KY.4.NBT.5 - Problem Strings
A problem string is a sequence of related arithmetic tasks that are designed to call attention to a particular mathematical strategy or feature. Each task is presented one at a time, often so that previous tasks and their solutions remain visible as each successive task is presented. Problem strings create opportunities for students to discover and strengthen their computational strategies and foster number sense. - Problem Strings: Using Strategies to Add within 100
Second graders share and name their strategies to solve 8 + 5, 28 + 5, and 28 + 15 as their teacher records their thinking and helps students to see relationships among the problems.
KY.2.NBT.5 - Problem Strings: Using Strategies to Multiply within 100
Third graders solve multiplication expressions focused on doubling factors as the teacher records their thinking and helps students to see relationships.
KY.3.OA.7
Justifying Routines
Justifying routines require students to explain their reasoning, critique the reasoning of others, and either defend or adjust their own reasoning. These routines foster critical thinking, build conceptual understanding, and promote mathematical discourse.

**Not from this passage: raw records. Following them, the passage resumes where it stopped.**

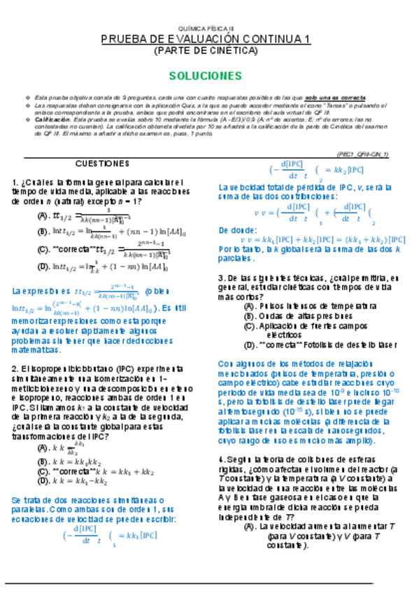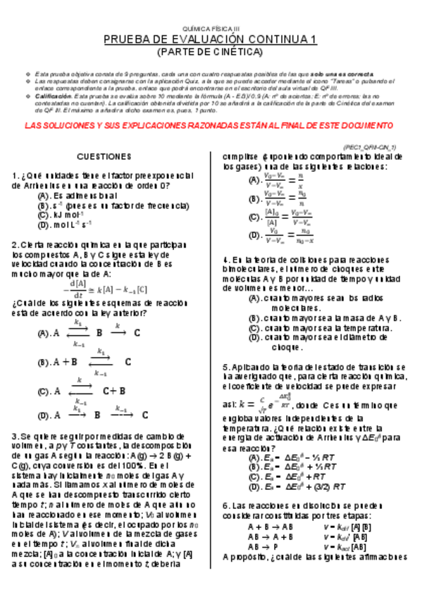 He publicado nuevos examenes de 3º Química Física IIi: Cinética y Electroquímica: Qfiii-Soluciones-PEC-1-Cinetica.pdf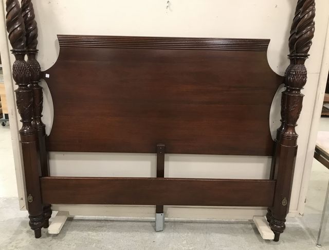 Lexington Palmer Plantation Four Poster Bed, King size, twist posts, has rails, good condition. Palmer Home Collection. Lexington Palmer Plantation Four Poster Bed, King size, twist posts, has rails, good condition. Palmer Home Collection.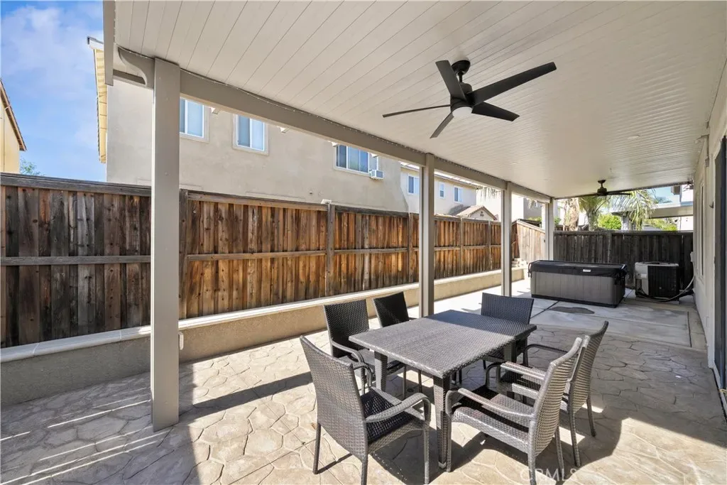 Upstairs features a spacious loft with plenty of windows, providing abundant natural light. The primary suite offers a luxurious retreat featuring a spacious master bedroom, walk-in closet, and a beautifully upgraded walk-in shower. Both upstairs bathrooms feature double vanities, providing convenience and ample space. The exterior is equally impressive, offering a 2-car garage and an estate-style driveway for additional parking. The private fenced backyard includes a well-built 2-foot retaining wall, artificial turf, and concrete hardscaping throughout the front and backyard. Enjoy outdoor living under the aluminum patio cover built in 2020, perfect for relaxing or entertaining. Residents of Viscaya enjoy exceptional community amenities, including a resort-style pool and spa, outdoor BBQ areas, a covered entertaining pavilion with a kitchen, and two playgrounds. Perfectly situated near schools, shopping, dining, and everyday conveniences, this home balances lifestyle, comfort, and location. Ideal for hosting family and friends or enjoying peaceful evenings at home, it also offers easy access for water enthusiasts and boating lovers.

- Always, Sometimes, Never
Students are presented with a mathematical statement and are asked to determine whether the statement is always true, sometimes true, or never true. The beauty of this routine is revealed as students explore examples, counter-examples, make generalizations, and provide evidence to justify their conclusions. - Same but Different
In the routine Same but Different, developed by Looney Math, students are presented with two images, numbers, or expressions and asked to explain how the two are the same AND how they are different. The focus is on finding connections as well as what makes them distinct from one another. Prompts are carefully designed to highlight an attribute, connection, relationship, or misconception.